Mall Customer Segmentation
In this project I have implemented a k-Means Clustering algorithm on a dataset of Mall Customers. The goal of this project is to identify groups of customers in order for the mall to adapt marketing strategies for them. The dataset was found on Kaggle at https://www.kaggle.com/datasets/vjchoudhary7/customer-segmentation-tutorial-in-python/data.
Preliminary
# libraries
library(caret)
library(DescTools)
library(ggplot2)
library(cluster)
library(factoextra)
library(fpc)
library(dplyr)
library(gridExtra)## [1] 200 5
## spc_tbl_ [200 × 5] (S3: spec_tbl_df/tbl_df/tbl/data.frame)
## $ CustomerID : num [1:200] 1 2 3 4 5 6 7 8 9 10 ...
## $ Gender : chr [1:200] "Male" "Male" "Female" "Female" ...
## $ Age : num [1:200] 19 21 20 23 31 22 35 23 64 30 ...
## $ Annual Income (k$) : num [1:200] 15 15 16 16 17 17 18 18 19 19 ...

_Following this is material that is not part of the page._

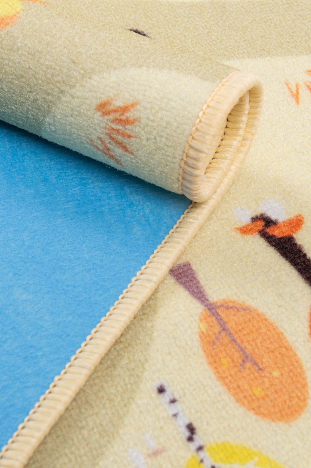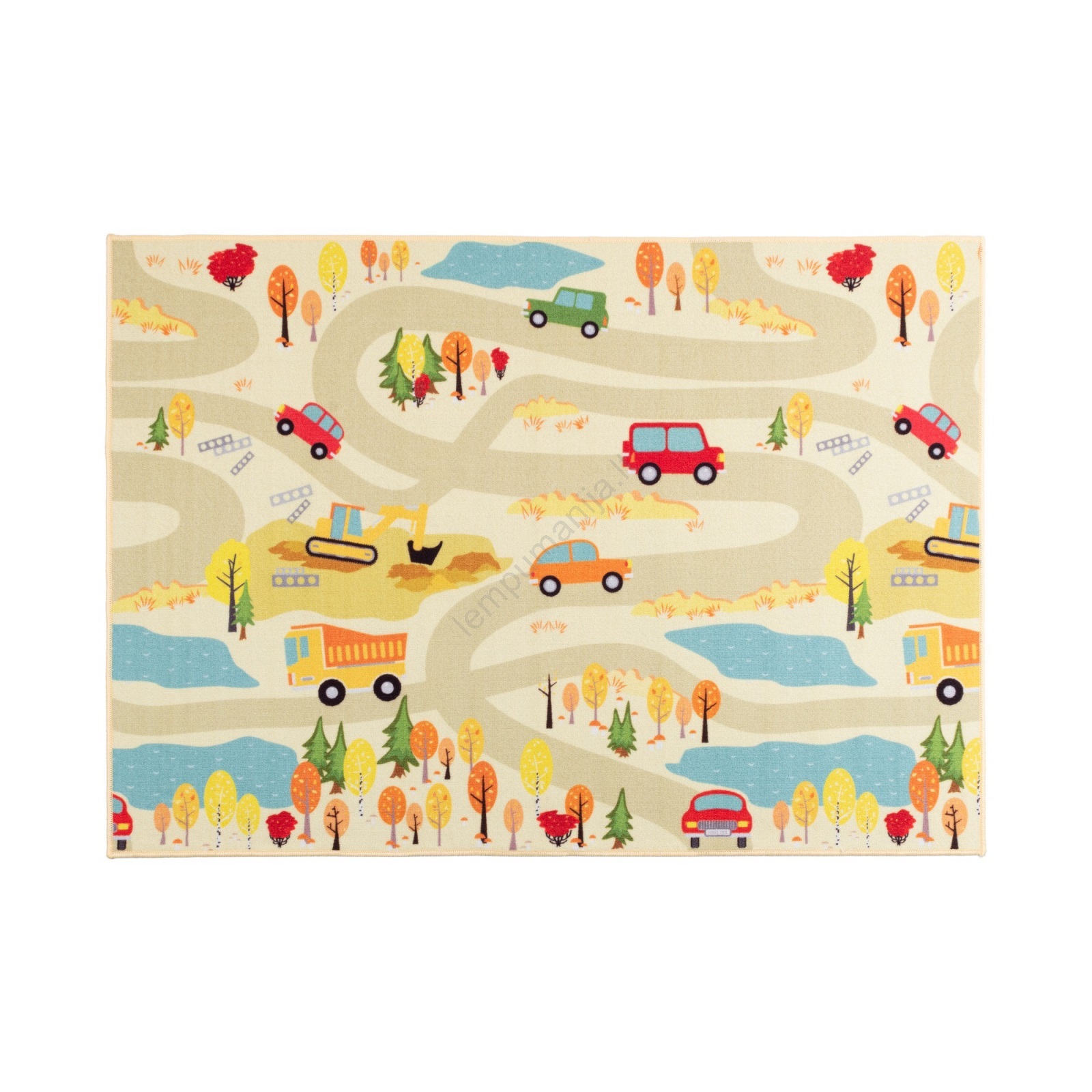 • Spalvotas vaikiškas kilimas su miesto motyvais.

## $ Spending Score (1-100): num [1:200] 39 81 6 77 40 76 6 94 3 72 ...
## - attr(*, "spec")=
## .. cols(
## .. CustomerID = col_double(),
## .. Gender = col_character(),
## .. Age = col_double(),
## .. `Annual Income (k$)` = col_double(),
## .. `Spending Score (1-100)` = col_double()
## .. )
## - attr(*, "problems")=<externalptr>
## CustomerID Gender Age Annual Income (k$)
## Min. : 1.00 Length:200 Min. :18.00 Min. : 15.00
## 1st Qu.: 50.75 Class :character 1st Qu.:28.75 1st Qu.: 41.50
## Median :100.50 Mode :character Median :36.00 Median : 61.50
## Mean :100.50 Mean :38.85 Mean : 60.56
## 3rd Qu.:150.25 3rd Qu.:49.00 3rd Qu.: 78.00
## Max. :200.00 Max. :70.00 Max. :137.00
## Spending Score (1-100)
## Min. : 1.00
## 1st Qu.:34.75
## Median :50.00
## Mean :50.20
## 3rd Qu.:73.00
## Max. :99.00
In summary, there are 200 data points and 5 variables in this dataset. The 5 variables are CustomerID, Gender, Age (from 18 to 70), Annual Income (k$) and Spending Score (1-100).
Checking for missing values:
## [1] 0
Data Exploration
- Gender
- Age
- Age distribution between genders
Female customers are more predominant between 22 and 55 years of age. As for the 55-70 age group, men are more predominant than women.
Based on gender and age alone, there are 4 visible groups. Both men and women groups have a somewhat binomial distribution:
women have 2 peak groups: one that peaks at the age of ~32, the other one at ~47,
men groups peak at ~33 years and a smaller peak at ~62.
- Annual income and spending score boxplots
p1 <- ggplot(as.data.frame(mall$'Annual Income (k$)'), aes(y = mall$'Annual Income (k$)')) + geom_boxplot(fill='#2FA4FF')
p2 <- ggplot(as.data.frame(mall$'Spending Score (1-100)'), aes(y = mall$'Spending Score (1-100)')) + geom_boxplot(fill='#00AB08')
grid.arrange(p1, p2, ncol = 2)- Age vs Spending Score
plot(mall$Age,mall$'Spending Score (1-100)',col="red",xlab="Age",ylab = "Spending Score", main="Age VS Spending Score")There is no visible correlation in this relationship. The only thing worth pointing out is that customers older than 40 have on average lower spending scores.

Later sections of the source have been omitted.